VANCOUVER, BRITISH COLUMBIA--(Marketwire - March 7, 2008) - GREAT PANTHER RESOURCES LIMITED (TSX:GPR) (the "Company") announces that its Board of Directors has approved the adoption of a Shareholder Rights Plan (the "Plan") as part of its procedures for dealing with any parties who may seek to acquire control of the Company through a take-over bid or other transaction.
The Company is not aware of any pending or threatened take-over bids for the Company, and it is not the intention of the Plan to prevent take-over bids. The Plan is intended to ensure that all shareholders are treated equally and fairly in any such transaction. The Plan has been adopted in order to provide the Company's Board of Directors with sufficient time to assess and evaluate any take-over bid or other control transaction and to explore and develop alternatives for maximizing shareholder value.
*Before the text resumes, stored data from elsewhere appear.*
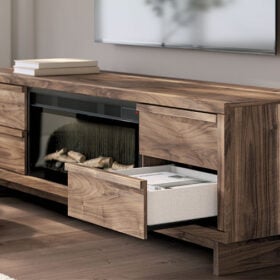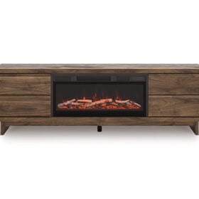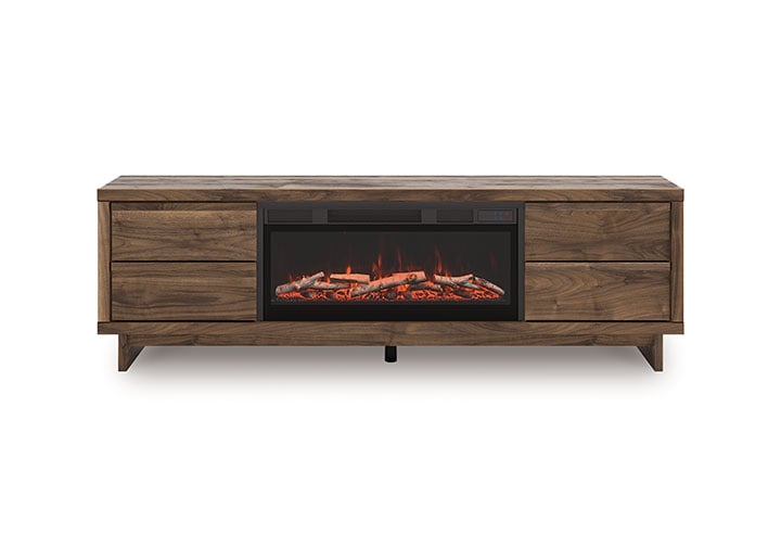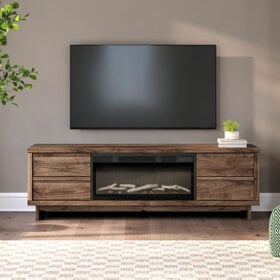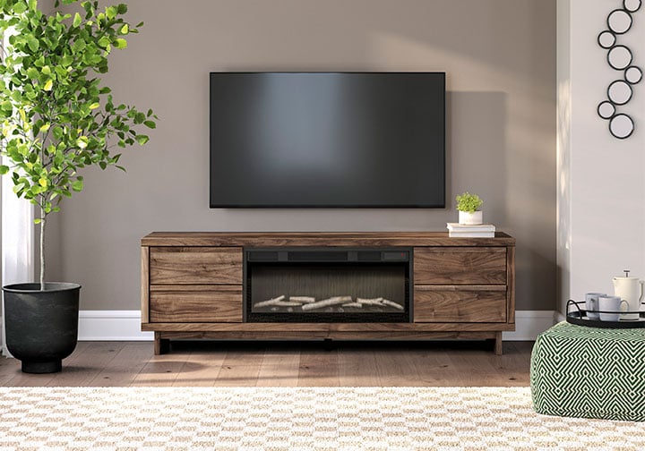 Nostalgic style, retooled for today’s trends. This TV stand with electric fireplace puts an elevated twist on mod aesthetics. Its warm brown tones reflect the mid-century vibes you love, while the angular base incorporates contemporary motifs. Integrated drawer handles round out the look in sleek style. For added ambiance, the electric fireplace brings a cozy-cool vibe to your living room. With the touch of a button, activate the LED-lit flame and adjust the temperature or the flame brightness. The flame effect includes multiple color options and a realistic-looking faux birch log set.
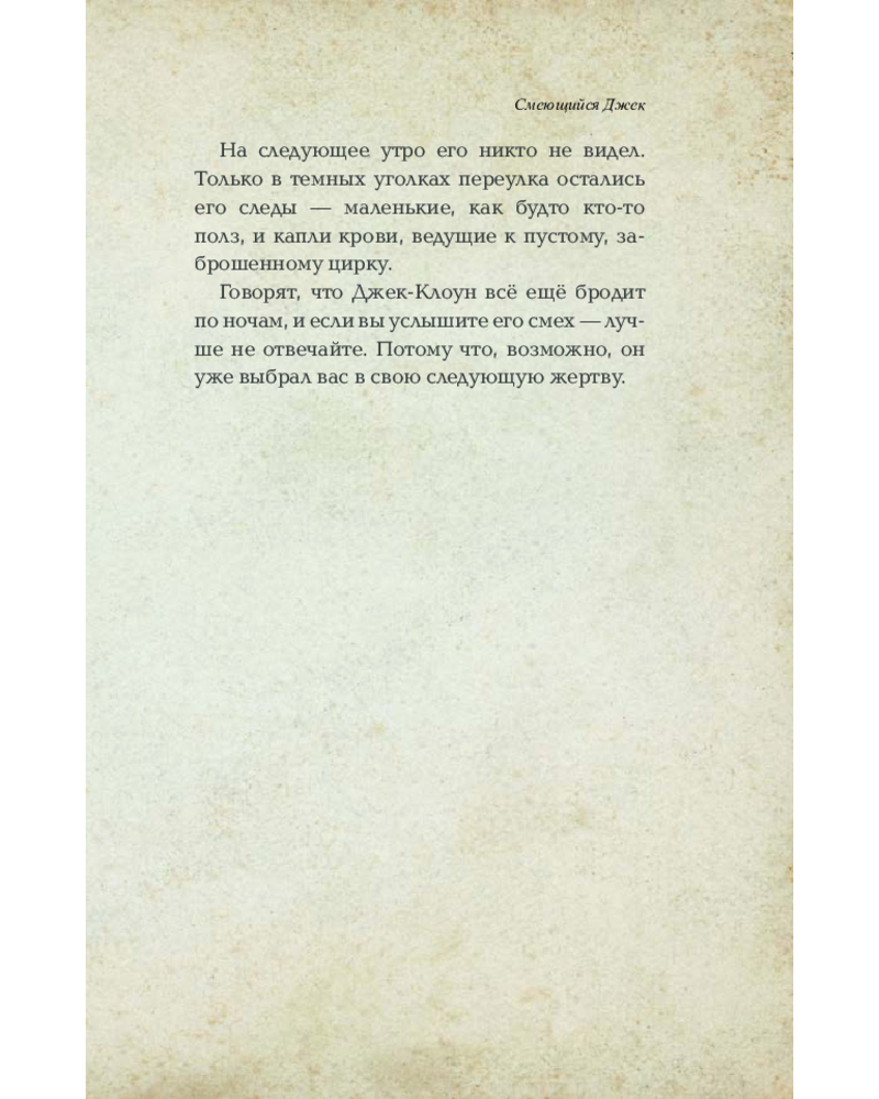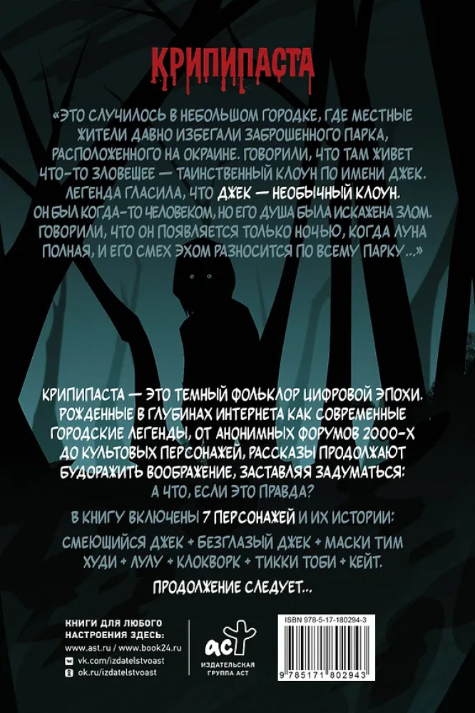 💳 Оплатить за товар можно при получении 🇰🇿 Есть бесплатная доставка по Казахстану от 1 дня 🎁 Копите бонусы с каждой покупки Серия: Крипи-макароны «Это случилось в небольшом городке, где местные жители давно избегали заброшенного парка, расположенного на окраине. Говорили, что там живёт что-то зловещее — таинственный клоун по имени Джек. Легенда гласила, что Джек — необычный клоун. Он был когда-то человеком, но его душа была искажена злом. Говорили, что он появляется только ночью, когда луна полная, и его смех эхом разносится по всему парку...» |
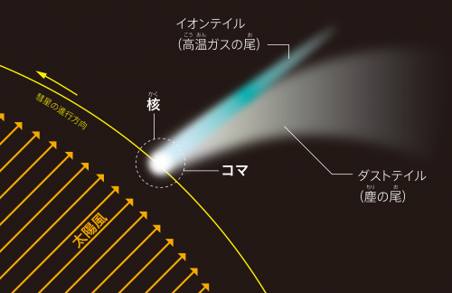 彗星が太陽から遠いときには、尾はありません。およそ地球の軌道程度の距離(約1.5億km)まで太陽に近づくと、太陽の熱によって彗星の核が昇華してガスや塵が吹き出します。このガスや塵が太陽風に吹き飛ばされることで尾ができます。
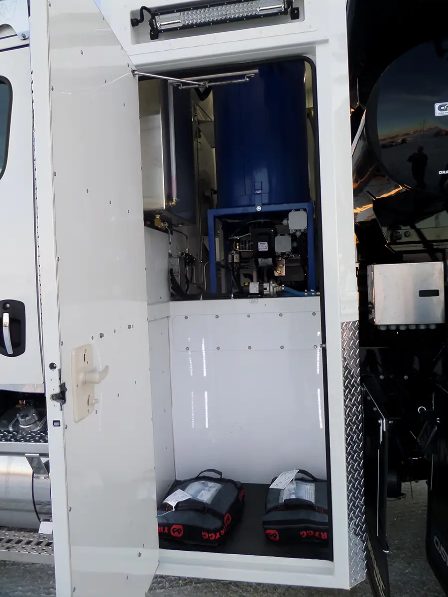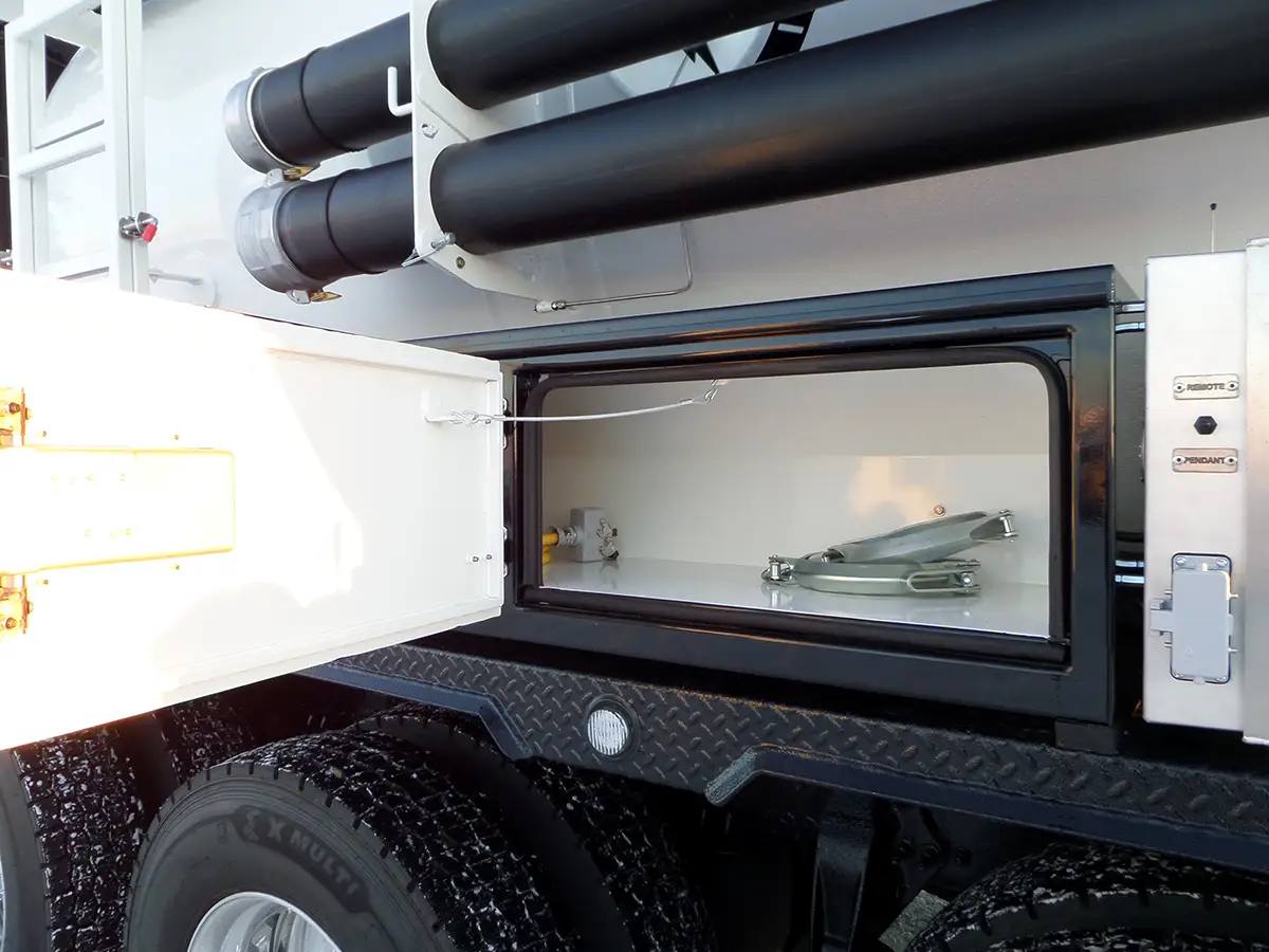 - Full length 1/8” checker plate hose tray/fender assembly with heavy duty outrigger supports & 1-1/4” steel tubing handrails, close in plates

The Plan is similar to other shareholder rights plans adopted by Canadian corporations. To implement the Plan, the Board of Directors of the Company authorized the issue of one Right in respect of each common share of the Company outstanding to holders of record at 5:00 pm, Vancouver time, on March 7, 2008. Until the occurrence of certain specific events, the Rights will trade with the common shares of the Company and be represented by the share certificates for such common shares.
The Rights become exercisable only when a person, including any party related to it or acting jointly with it, acquires or announces its intention to acquire 20% or more of the outstanding common shares of the Company without complying with the "Permitted Bid" provisions of the Plan. Under the Plan, a Permitted Bid is a bid made to all shareholders on identical terms and conditions that is open for at least 60 days. If at the end of 60 days more than 50% of the outstanding shares, other than those owned by the offeror and certain persons related to the offeror or acting jointly with it, have been tendered, the offeror may take up and pay for the shares but must extend the bid for a further 10 business days to allow all other shareholders to tender.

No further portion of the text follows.